Questi artigiani ricavavano, attraverso la concia e le successive fasi di lavorazione dei pellami, raffinati capi di abbigliamento ed accessori. Talvolta le botteghe servivano sia per la lavorazione che per la vendita, ma più di frequente nella via cittadina detta dei Pellicciai si trovavano soltanto le sedi commerciali, mentre l’attività artigianale, essendo legata alla disponibilità di acqua e risultando inquinante, era invece dislocata in zone periferiche e lungo l’Arno. I galigai ed i conciatori avevano infatti tutte le loro sedi sul fiume195.

Trascinate dal loro spirito protezionistico e capitalistico, le Arti non seppero salvaguardare le libertà politiche del Comune e concorsero a preparare l’avvento della Signoria.
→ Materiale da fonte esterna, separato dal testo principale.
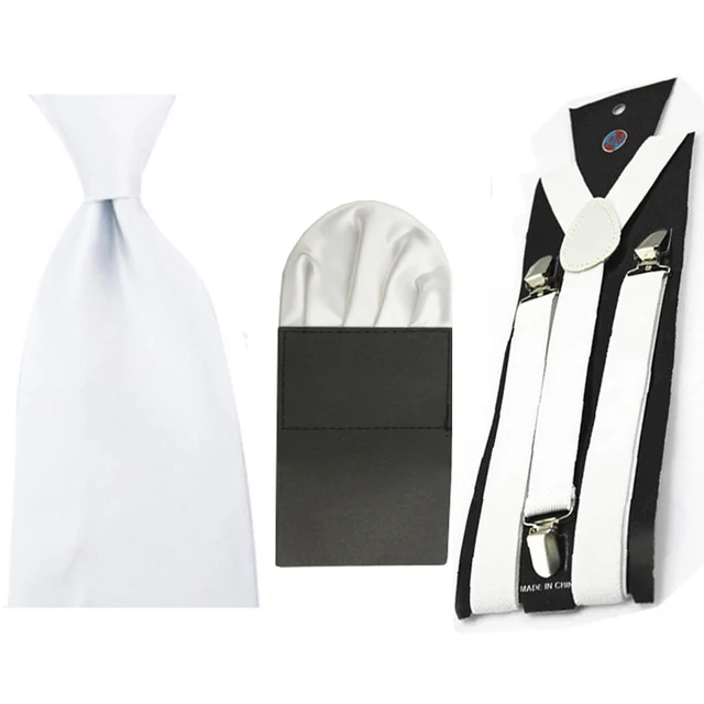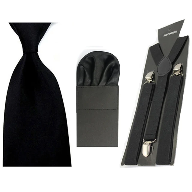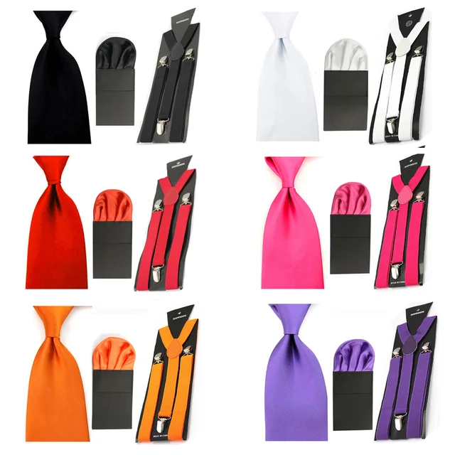 | [해외]남성 솔리드 8 센치메터 목 넥타이 사전 접힌 퍼프 손수건 포켓 스퀘어 서스펜더 교정기 세트 BWSET0054 |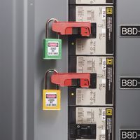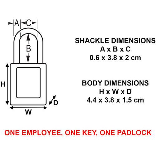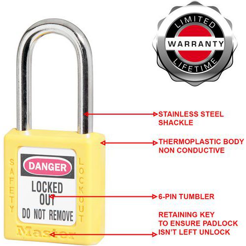 - Cadeado de segurança em termoplástico e asa em aço com Ø 6 mm para instalações mecânicas.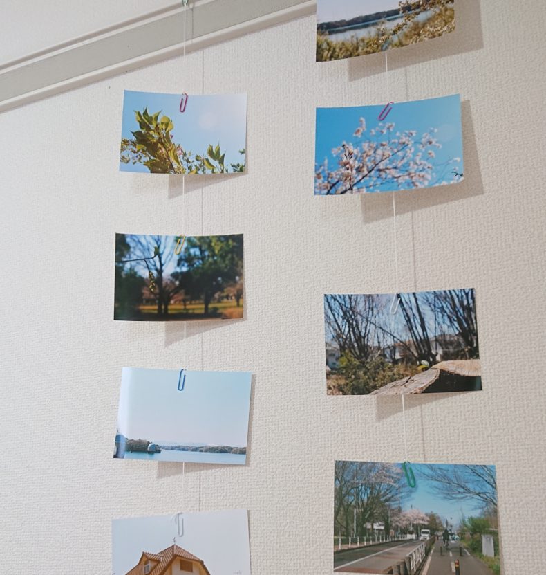 カラフルなクリップで挟んで紐で吊るすだけで気分が上がりますね!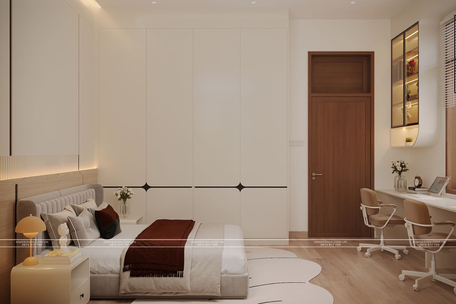 Không gian phòng ngủ hiện lên với ngôn ngữ thiết kế hiện đại, tinh tế, ưu tiên sự tối giản nhưng vẫn toát lên vẻ sang trọng qua cách phối hợp chất liệu và ánh sáng. Bao phủ căn phòng là tông màu kem và trắng chủ đạo, điểm xuyết thêm sắc gỗ ấm áp, tạo nên một tổng thể hài hòa, thư thái.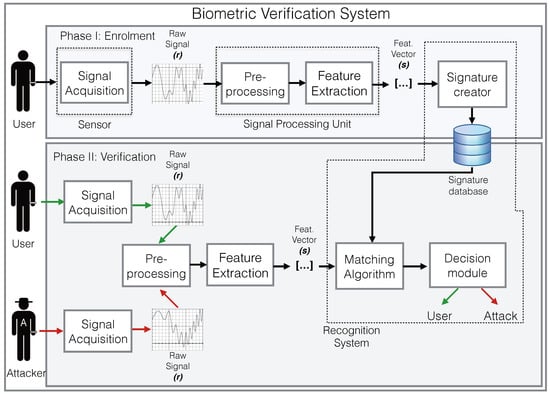 A biometric verification system is usually composed by the functional components shown in Figure 1: (i) a sensor (or set of sensors) that captures raw biometric signals (r); (ii) a signal processing unit that pre-processes and extracts feature vectors (s) from the signals (implements function ); and (iii) a recognition system, which usually includes the signature (or template) database, and implements a matching algorithm [10].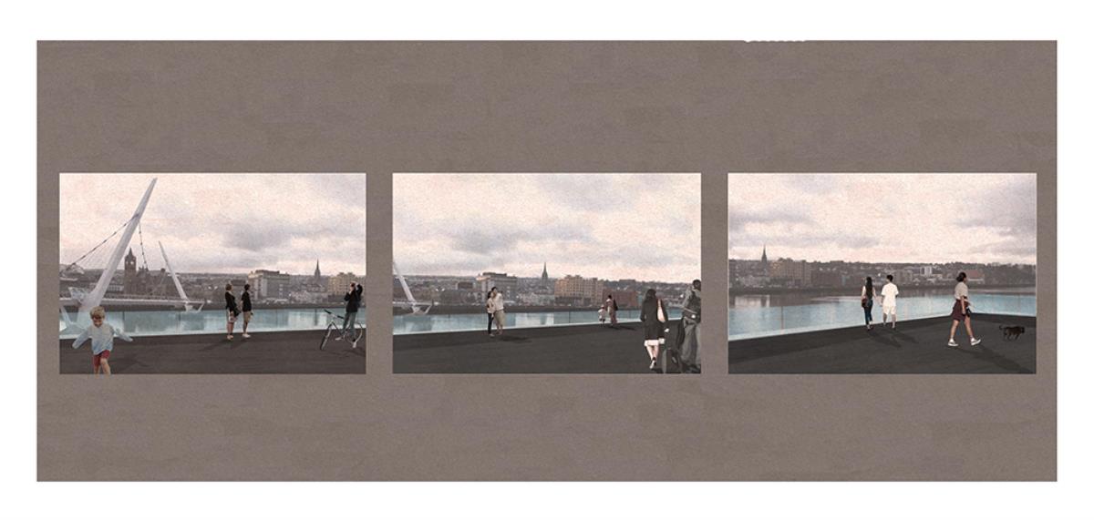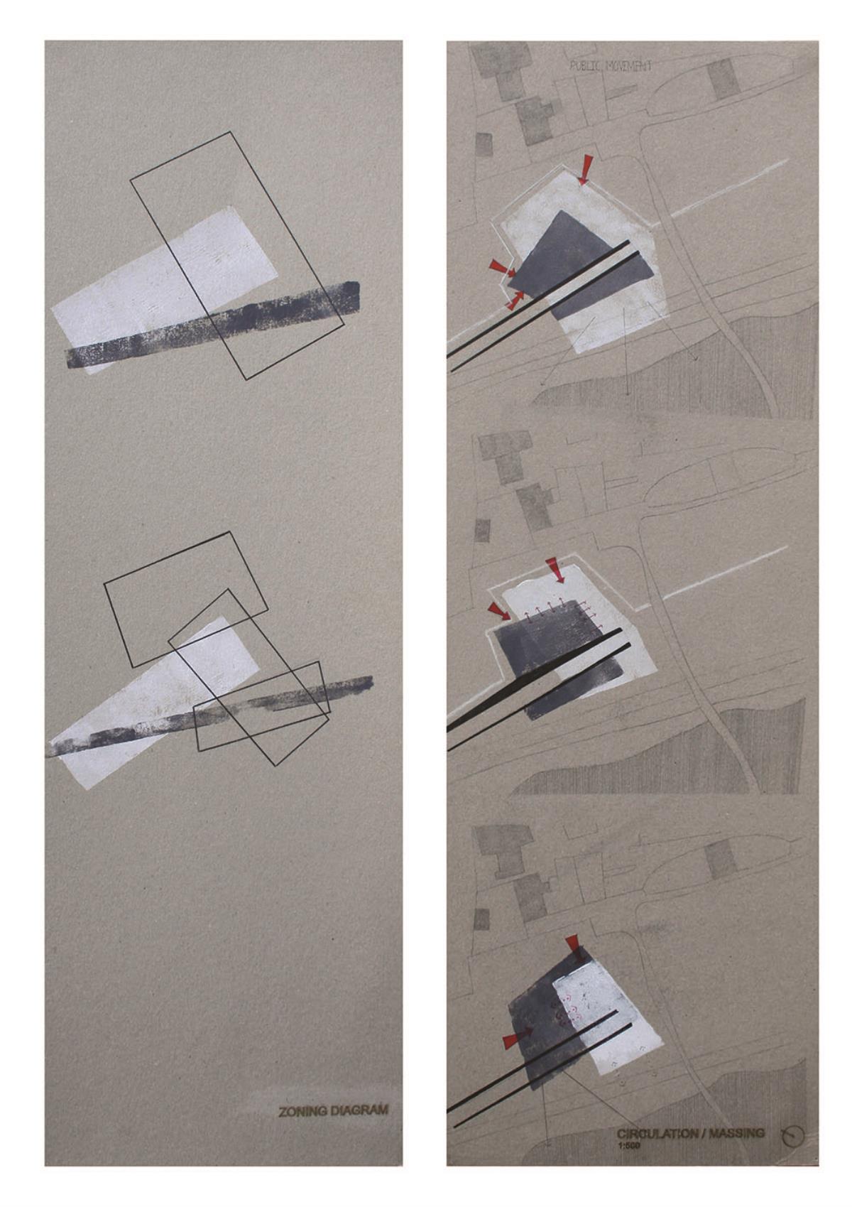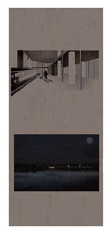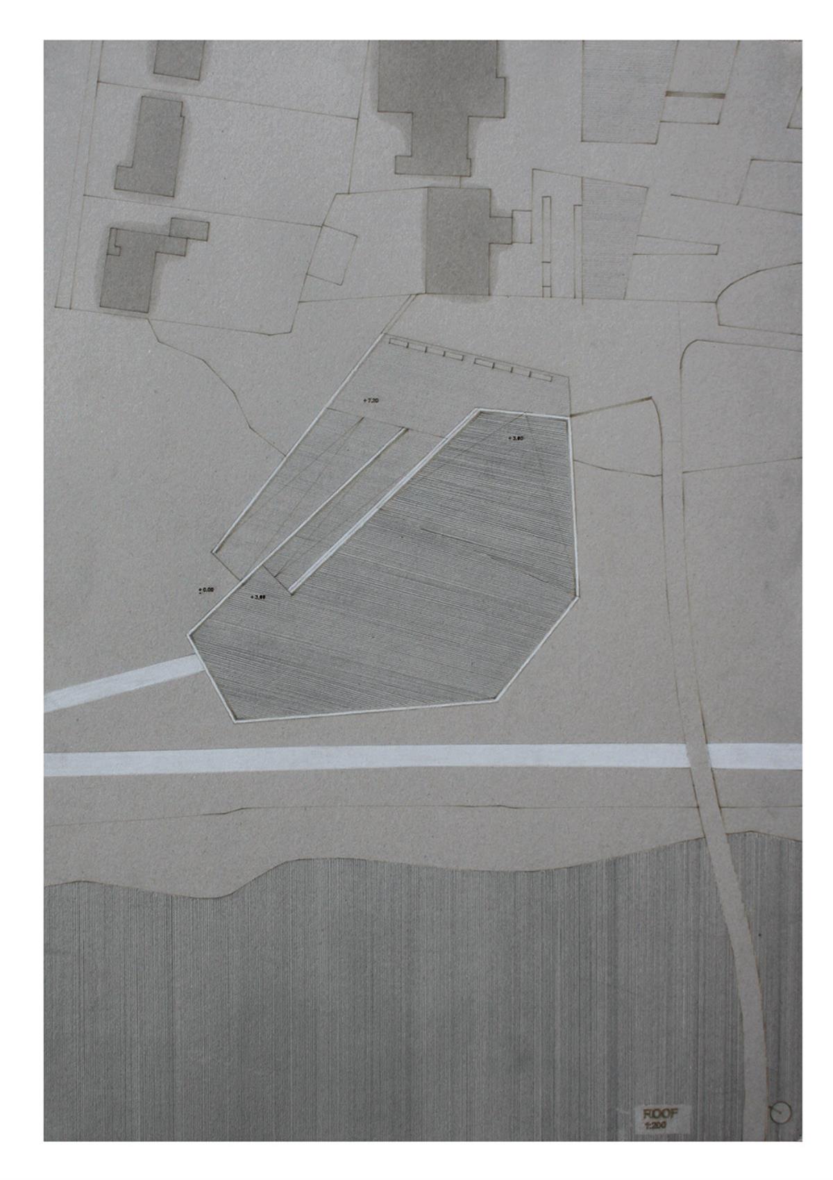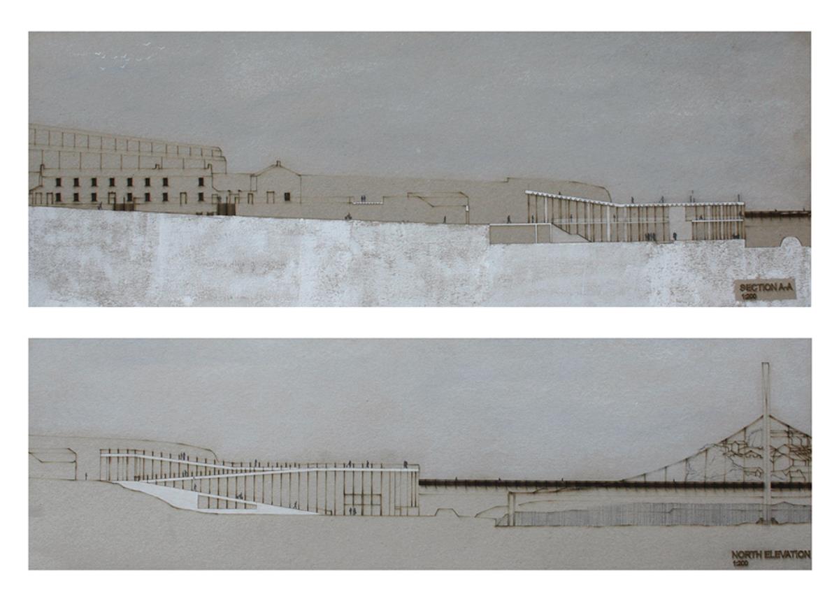 Train Station – ‘Building Becoming Topography’ Part 1 Project 2014 Miriam-Rose McLaughlin Queen's University Belfast | UK Train Station – Derry/LondonderryOn the meandering journey through the rumbling hills and rich farm land of mid Ulster one will encounter truly majestic scenes and enduring sites. Starting in Belfast the train passes over the Lagan, skirting the city and through lush county side. The train journey is hailed as one of the most scenic of outstanding beauty in Europe. The ceremonious journey however comes to an abrupt end, entering Derry/Londonderry into a dreary, drab 1970’s terminus station. Having arrived and disembarked, you cannot walk into the city centre; instead you must travel by bus, despite its close proximity.The proposal of a new Train Station sees the terminal relocated to a site beside the new pedestrian ‘Peace Bridge’, connecting the two sides of the city of Derry/Londonderry.The design concept is driven by the ‘movement of circulation’, in keeping with the typography of the site. Creating a form, as part of the landscape, but acting as a vehicle of movement between levels. The terminal arrival is something opposite to the journey itself; coming into the building, creates an architectural end experience, and maintains a visual connection to the bridge and city through the glazed walls. The user is then brought again into an open experience, as they journey across the Peace Bridge.The building’s language is to be read, ‘as a shed to house the arrival’, with shifting plates pushed out from the land, connecting to the context and driving the movement between people and transport.The importance of the project was not only to design a train station, but create a public enhancement to the city, driven by the connection to Ebrintion Barracks, the Peace Bridge, the terminal roof as a public platform and first floor, allowing a straight connection visually into the walled city. The building as a whole is to become part of the life of the city, not just for daily commuters, with shops, restaurant, café and tourist info. The presentation aimed to illustrate a building merged with landscape and context; the grey canvas blurs the lines between outside and inside. Tutor(s) Mr Tarla Macgabhann

Nel XV secolo, si giunse alla centralizzazione dell’autorità statale nelle mani della cripto-monarchia medicea; all’aprirsi dell’epoca Laurenziana, la trasformazione della Repubblica fiorentina in uno Stato regionale portò ad un cambiamento sostanziale nella fisionomia della politica cittadina e le Arti subirono un drastico processo di ridimensionamento196, venendo gradualmente esautorate dal ruolo politico ed istituzionale e dalla guida dell’economia fiorentina che avevano ricoperto nei due secoli precedenti, e furono ridotte a mere organizzazioni professionali.

A partire dal 1532, con l’avvento del Granducato, le Arti iniziarono un inevitabile declino, tanto che nel corso del XVI secolo decadde l’obbligo legale di appartenervi197.